Initial EDA shows a promising pattern, further testing is needed.

## Final Model

In [None]:
airbnb_final = airbnb[['bedrooms', 'accommodates', 'beds', 'bathrooms_text', 'room_type', 'price']]

In [None]:
# Converting all orginal data to fit Linear Regression
airbnb_final = airbnb_final.fillna(0)
airbnb_final['bathrooms_text'] = airbnb_final['bathrooms_text'].str.extract(r'(\d+\.?\d?)').astype(float)
airbnb_final = pd.get_dummies(columns = ['room_type'], data = airbnb_final, drop_first=True)
airbnb_final = airbnb_final[(airbnb_final['bathrooms'] < 15) & (airbnb['price'] < 25000) & (airbnb1['bedrooms'] < 20) & (airbnb1['beds'] < 30)]

In [None]:
X = airbnb_final.drop(columns='price')
y = airbnb_final['price']

In [None]:
X_train, X_test, y_train, y_test = train_test_split(X, y, random_state = 42)

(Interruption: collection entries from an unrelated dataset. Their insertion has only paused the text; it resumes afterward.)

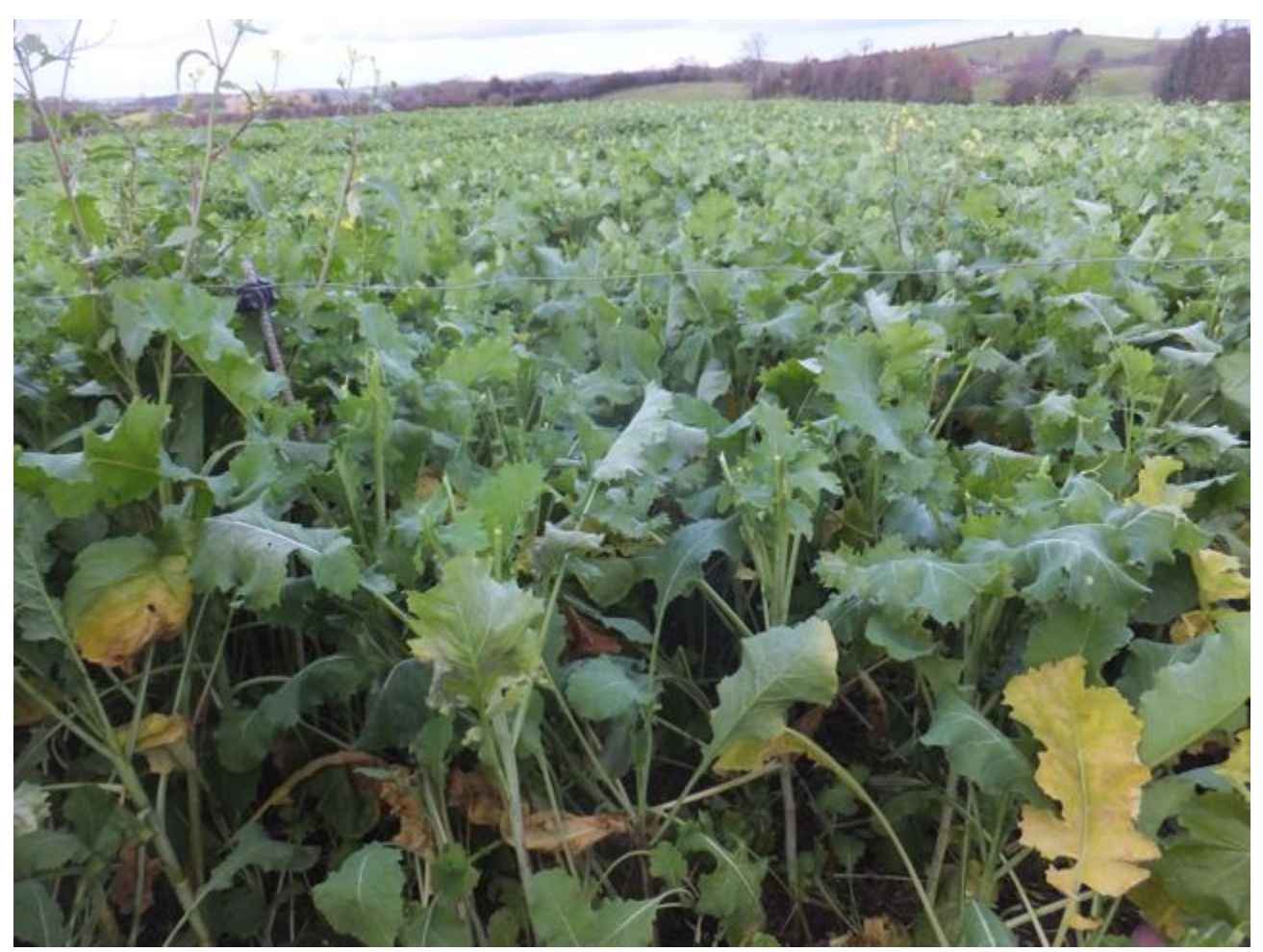
Forage rape/stubble turnip mixture growing on Mark Duffy's organic farm, Ballybay, Co. Monaghan, used for fattening cattle during the winter, prior to slaughter.

Using a higher sowing rate should also help the crop to outcompete weeds. Weed seeds are more likely to germinate in May than June, so sowing kale or swedes early (May) increases weed pressure. June sowing of swedes and kale should reduce if not eliminate the need for weed control. Teagasc research has shown that no weed control should be needed for forage rape.
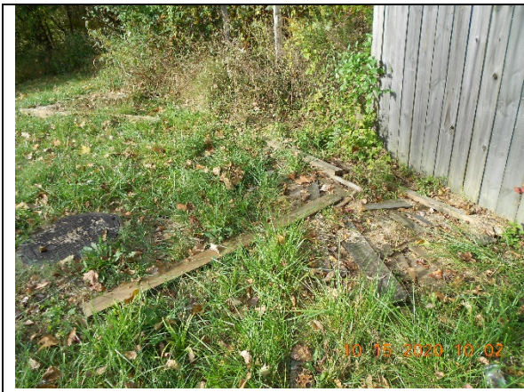
Fence not repaired just torn down and laying in grass

Pictures taken by Gary Esterle October 16, 2020
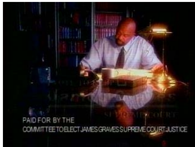
Hard work. No excuses.
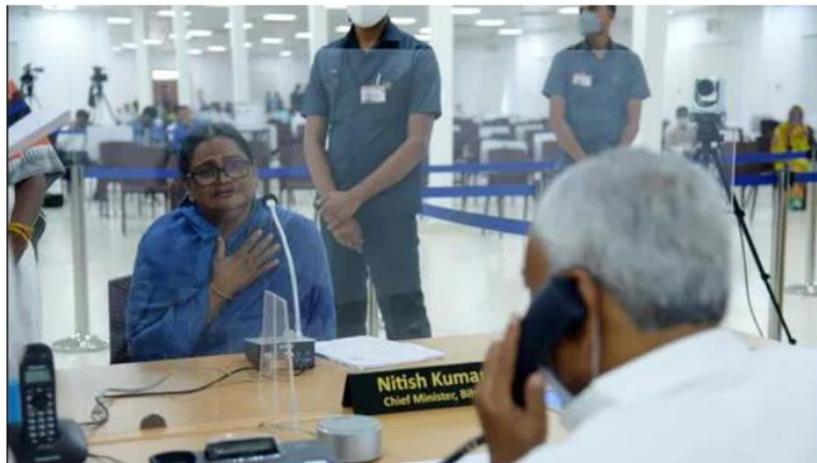
Bihar Chief Minister Nitish Kumar during Janata Darbar in Patna on Monday.

Bihar chief minister Nitish Kumar on Monday said that the water resources department (WRD) has been carrying out studies about the scope of interlinking of small rivers to minimise the scale of devastation due to recurring floods.
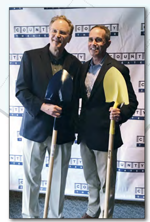
After providing support for the application for the Keystone Historic Preservation grant program, Sen. Santarsiero was on site for the groundbreaking for The County Theater's restoration and expansion project, the biggest undertaking the theater has experienced in its 81-year history.
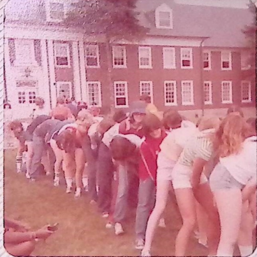
"Doing that E. Stroudsburg thing" E. Stroudsburg & Wilkes Upward Bound (E12)
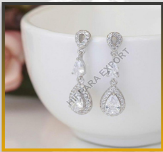
ELEGANT DIAMOND EARRINGS
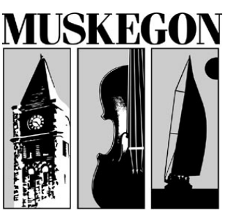
West Michigan's Shoreline City www.shorelinecity.com

Water Filtration (231)724-4106 FAX (231)755-5290
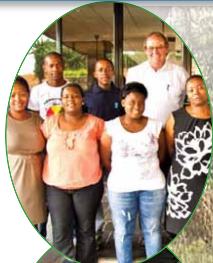
Puisano study Page 4
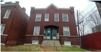
3020 Iowa Ave, 63118 4-family, 3,216 sq. ft. - $29,900
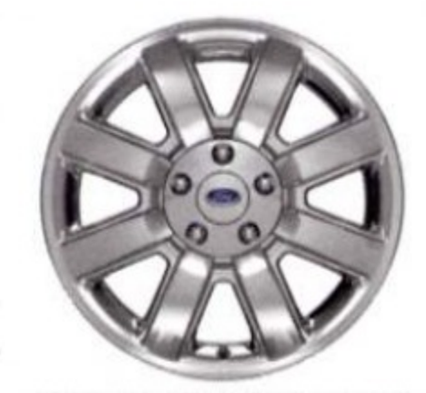
17" 8-Spoke Bright-Finish Aluminum Standard on SE
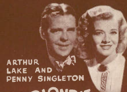
ARTHUR LAKE AND PENNY SINGLETON
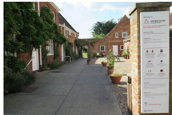
6 Concrete path from main drive to reception
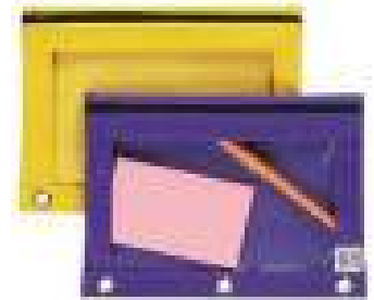
Binder Pencil Pouch
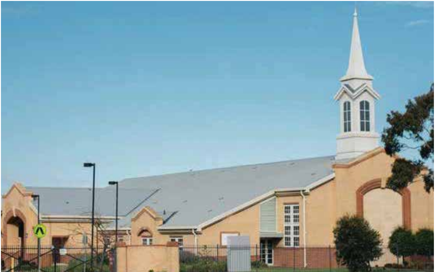
The Church of Jesus Christ of Latter-day Saints, Melton

599 High St, Melton West VIC 3337, Australia
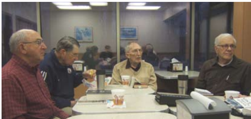
Men's Bible Study.

While some groups may complete their purposes and close, some plan to contin- ue in 2013. We hope new groups will form and new leaders emerge in 2013.
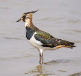
Northern Lapwing, Kouklia Dam, 13 th October.

Akrotiri Gravel Pits 1 14-Oct JE Akrotiri Marsh (Phasouri Reed-beds) 9 31-Oct FM Kouklia Dam, Famagusta 13 16-Oct CR Larnaca Sewage Works 1 19-Oct SC/BC field trip/LAC Mandria Beach 18 28-Oct LAC Syngراسi Dam 1 16-Oct CR
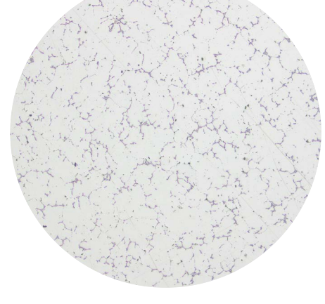
Macrosection, d178 mm; Segregation 2 mm
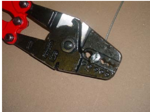
Completed crimp with lever tool.
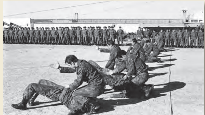
Graduation of a Commandos session in Hammana on 22/12/1973
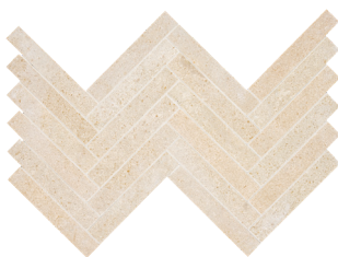
Honed Herringbone 1 × 6 Mesh (1.0510 sf/sht)
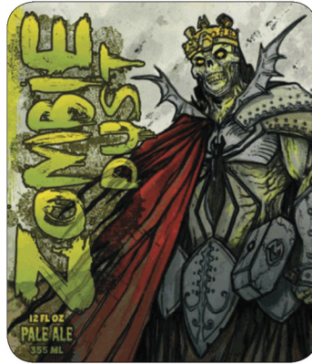
"Quite devilish!" Zombie Dust
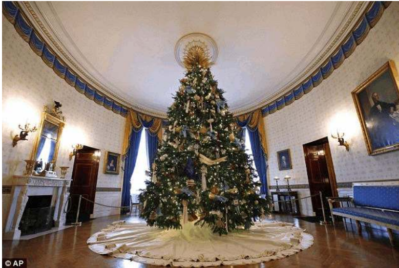
White House Christmas Tree

http://www.dailymail.co.uk/news/article-1336470/Obamas-Christmas-tree-takes-4-days-height-economic-crisis.html
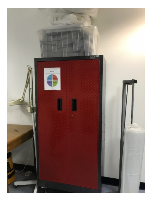
Large Metal Container with Emergency Supplies
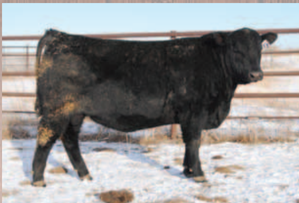
SDR Bomber 9030 (LOT 11) \ 03.11.19 BW: 72 lbs \ WW: 970 lbs. \ 205 Wt.: 894 lbs. 365 Wt.: 1,587 lbs. \ ADG: 4.33 BW -0.6 \ WW +78 \ YW +127 \ MILK +31

lr_final = LinearRegression()
lr_final.fit(X_train, y_train)

print(f'Train Score: {lr_final.score(X_train, y_train)}')
print(f'Test Score: {lr_final.score(X_test, y_test)}')

Using only a Linear Regression Model the highest r2 score achieved was 0.25 for the train and test set, meaning only 25% of the variability in price for LA listings in the quarter of June 2022 can be explained by the model. The next notebook uses more advanced models.